Unsettled in the Lake Palace Hotel

Lake Palace Hotel

The Lake Palace Hotel on Lake Pichola, Udaipur.

Photo credit: John Fox | Nation Media Group

I had never stayed in such a luxurious hotel before. My eyes must have been wide open as I wandered through the lounges and water gardens

It looks like I could be kept in a hospital bed for a couple of weeks, so let me do something I have been wondering about for some time: range over a few of the highlights from over 30 years of consultancy travelling.

My very first consultancy was in India while I was still teaching at Nottingham University. The challenging brief was to make recommendations to the British Council about the most useful things the UK could do in supporting the national literacy scheme that had just been launched in India – the biggest anywhere in the world.

 I was both excited and nervous to be travelling across a large swathe of India for the first time and nervous about how effectively I could deal with all the contradictory issues that were going to swirl around my head.

 For one stint of my programme I was staying a few nights at the Lake Palace Hotel in Udaipur - the Venice of the East. Formally known as Jag Niwas, it had been a summer palace of the royal dynasty of Mewar. Set on an island in the middle of Lake Pichola, it was constructed of white and black marble and full of rich furniture and hangings.

The place has hosted, during its time as a royal palace or as a luxury hotel, various famous guests including Jacqueline Kennedy, Lord Curzon (who served as Viceroy of India from 1899-1905), Queen Elizabeth and British actor Vivien Leigh. Its most famous time in the limelight, however, occurred in 1983, when it was used in the James Bond film Octopussy. It was also one of the sets for the film version of Paul Scott’s tetralogy about the partition of India, The Raj Quartet. It is now called the ‘Taj Palace Hotel’.

I had never stayed in such a luxurious hotel before. My eyes must have been wide open as I wandered through the lounges and water gardens. Each morning I was steered out on a gondola as far as one of the small fishing villages scattered on the lake shore. There, I would be met by a young Indian community development worker – let’s call him Kabir. We would spend the day together and we would tramp round the village homesteads. In the afternoons, I observed how my young colleague would facilitate a literacy class.

I soon learnt that Kabir had a law degree from the University of Delhi. He had also qualified as a barrister.
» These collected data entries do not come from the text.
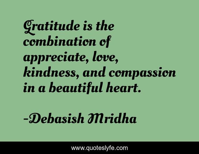 This page presents the quote "Gratitude is the combination of appreciate, love, kindness, and compassion in a beautiful heart.". Author of this quote is Debasish Mridha. This quote is about life, love, knowledge, inspirational, intelligence, philosophy, wisdom, quotes, affection,.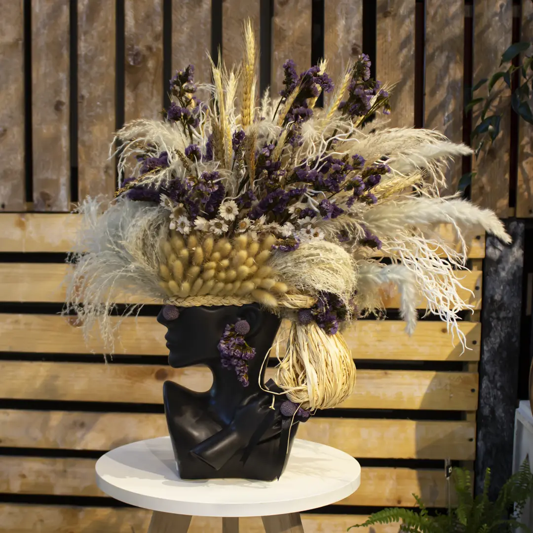 If you’re looking for a unique and beautiful way to bring the beauty of nature into your life, the Oriental Grace dried flower arrangement with the female face is a perfect choice. This bouquet will surely leave a lasting impression on anyone who sees it.
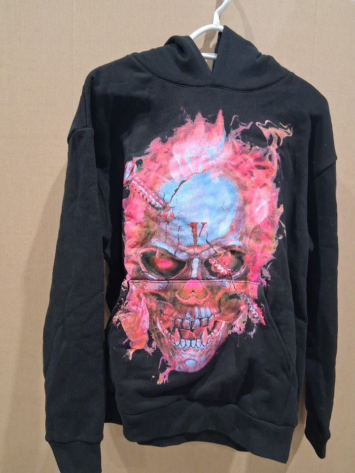 MENS vlone limited edition hoodie with pockets - medium-red flame skull

However, he had given all this up to work alongside poorer members of the lake’s communities, helping them to repair their shelters, improve their fishing methods, find access to basic services for their community and advocate on their behalf.
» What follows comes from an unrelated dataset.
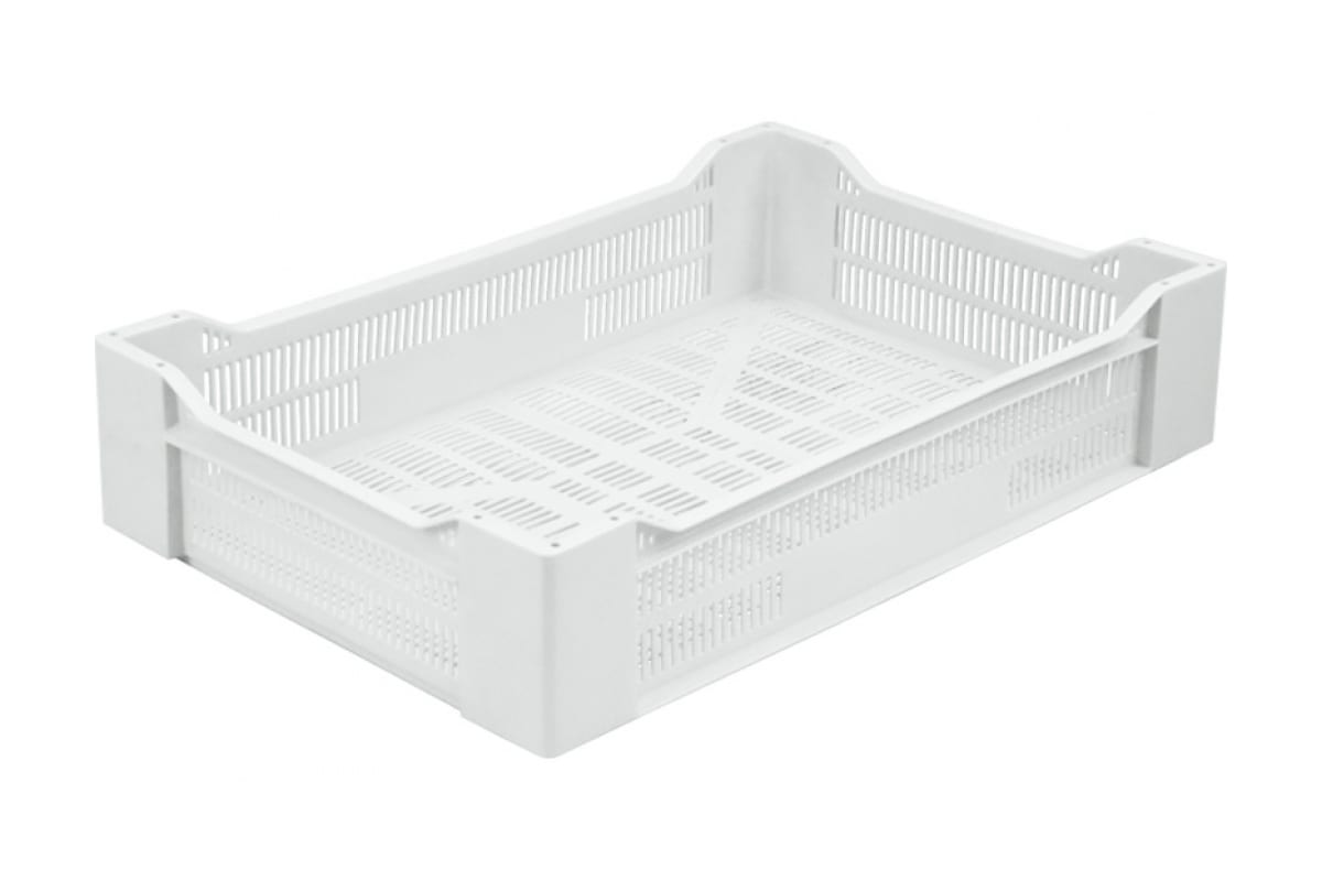 Ягодный ящик п/э 600х400х135 белый морозостойкий Тара.ру 02493 удобен в использовании - предельная высота не позволяет нагрузить его с избытком, что приведет к повреждению продукции.

On one of the evenings, Kabir’s wife invited me to stay at their home for a meal; it was a simple shelter, like many around it. So we drank our cool beers before sunset and I was wondering what would be under the black cloth spread out over an old iron bedstead. When a neighbour’s dog came sniffing around, the black cloth lifted off as one: it was a cloud of black flies – uncovering the thin white potato slices that had been prepared for our evening meal.
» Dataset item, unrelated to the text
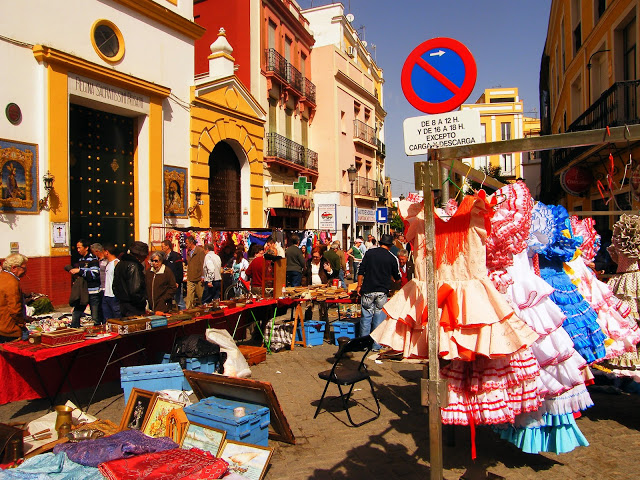 El barrio de la calle Feria, tiene un especial predicamento en Sevilla y, ello es debido, a que siempre ha formado un eje norte-sur comercial en nuestra Ciudad. Según Santiago Montoto en su libro Las Calles de Sevilla: “es esta una de las calles más famosas de la ciudad, formada por varias que tuvieron diversos nombres en lo antiguo. La propiamente llamada Feria y Ancha de la Feria comprendida desde la Plaza de los Maldonados a la de Calderón. El nombre de feria proviene de que se celebraba en estos lugares, harto notable -según Morgado- de todas las mercaderías, que se hace todos los jueves en la plaza y alrededor de la Iglesia Parroquial de Omnium Sanctorum. Ortiz de Zúñiga dice de este clásico mercado: sin saberse cuando tuvo principio, permanece un mercado los jueves de cada semana, que vulgarmente llaman feria, en ciertas calles de la Parroquia de Omnium Sanctorum, en que se hace; en el cual sitio asimismo se hacían las ferias antiguas, como consta de privilegios del rey Don Sancho, que le da ya este nombre. Fama tenían los bravos de estos lugares y ello se reconoce en los Romances de Germania y en el Rufián Dichoso Cervantes.

That evening, on the gondola back to the Lake Palace, I told the story of my days with Kabir to a grizzled American consultant. I also mentioned my unease about the contrast between the worlds of a consultant and of the poor we were supposed to be helping. ‘Forget about it, son’ he said, laughing. ‘Relax and enjoy the Lake Palace.’

 But I could never quite forget. Fortunately.

As for my first consultancy, it was a very short report, arguing that there was nothing of real significance Britain could add to the programme. As Professor A. K. Jalaluddin, the programme’s head, told me: ‘We have had British liberal adult education, American Extension, Danish Folk High Schools – don’t you think it’s time we did something for ourselves?’